Imagine this:
You’re out late with your friends on a Saturday night, and instead of going home, one of your friends decides to crash at your house near the university. You lend her some pajamas, give her a teddy bear to use as a pillow and say “goodnight” at about 4 a.m.
Sounds pretty typical, right?
Now picture that when you wake up, your friend is gone, there is blood on the couch and all that’s left of her is her purse, cell phone and clothes from the night before. Even the teddy bear is gone.
For some students at the University of Nevada, Reno, this isn’t the stuff of their imagination, it’s reality. Their friend, 19-year-old Brianna Denison, had been missing for more than a month until her body was found in a field eight miles from campus on Friday. Since then, police have stated that she was strangled by a serial rapist who has attacked at least two other women near the university.
We’ve all seen signs for missing people and we all know the reality is out there, but so rarely does anyone truly feel the depth of the situation. So rarely is this missing person someone we know.
I knew Brianna Denison, and though I can’t claim to have known her well, I saw her every summer for the better part of my life when we visited our grandparents’ houses in Mendocino, Calif. A week ago, the smiling girl I used to play Barbies with was only a few photographs away from Kristin Smart on the FBI’s list of kidnapping and missing persons investigations. Now she can be nothing more than a memory to me and those who knew her.
Denison, originally from Reno, was a psychology student at Santa Barbara City College and was visiting home for winter break. It sounds so average, doesn’t it? A little closer to home, Kristin Smart was a Cal Poly student who went missing just after her friend walked her within a block’s distance of Muir Hall, her dorm, after an off-campus party at 2 a.m. She would be turning 31 years old on Wednesday.
According to the National Crime Information Center’s Missing Person File, there were 110,484 active missing persons records as of Dec. 31, 2006. That’s more than twice the size of San Luis Obispo. Though adolescents aged 18 and younger accounted for the bulk of that number, approximately 12,657 of those records represent people between the ages of 18 and 20, aka the ages of a good portion of Cal Poly’s student population. Furthermore, females under the age of 21 are more than twice as likely to be abducted than a male of the same age.
We can all agree that the quiet city of San Luis Obispo is generally a pretty safe place, but you can never be completely sure.

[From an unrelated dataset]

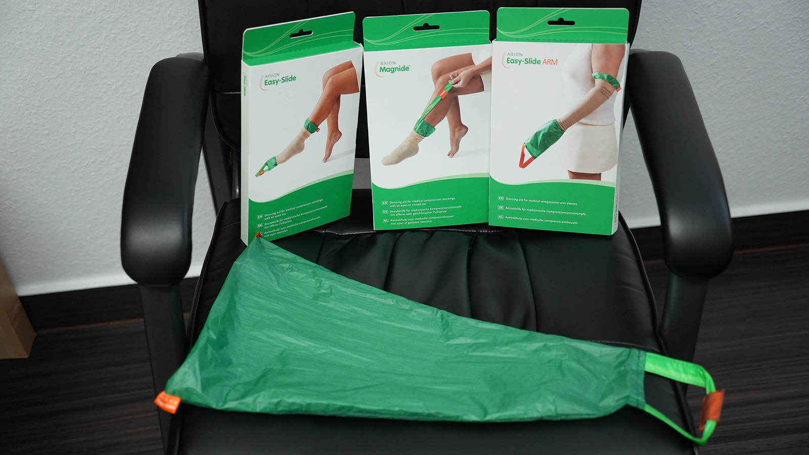 Gerade im Alltag erleichtern Anziehhilfen den Umgang mit Kompressionsstrümpfen erheblich. Besonders verbreitet sind sogenannte Tütenanziehhilfen wie das Modell „Easy Slide“ des Herstellers Arion. Laut Parschau ist die Handhabung dieser Hilfe sehr leicht – für Patienten jeden Alters. Ein großer Vorteil ist der leichte Transport dieses Modells, das in jede Tüte oder Tasche passt.

After a series of sexual assaults that took place in the last year within blocks of campus, and the alleged rape of an 18-year-old a couple of weeks ago in the San Luis Obispo Creek (before 8 p.m. no less!), no one can be sure of anything.
Students at the University of Nevada, Reno have realized this – why can’t we? What will it take? One student told the Associated Press that most of her peers now carry some form of defense, such as a Taser or pepper spray. And even if there isn’t a serial rapist on the loose in San Luis Obispo, it’s still not a bad idea.
Regardless of our blue light system and the escort van service, there comes a point where each student needs to be responsible for him or herself and the people around them – and I don’t see that a whole lot. Nothing makes me more nervous than seeing freshmen girls walking around Grand Avenue and off campus late at night – and I see it ALL THE TIME. If you’re not learning now, when will you? It’s a big world out there and this is only the beginning. Everyone deserves to at least make it to their 31st birthday.
Kristen Marschall is a journalism senior and the editor in chief of the Mustang Daily.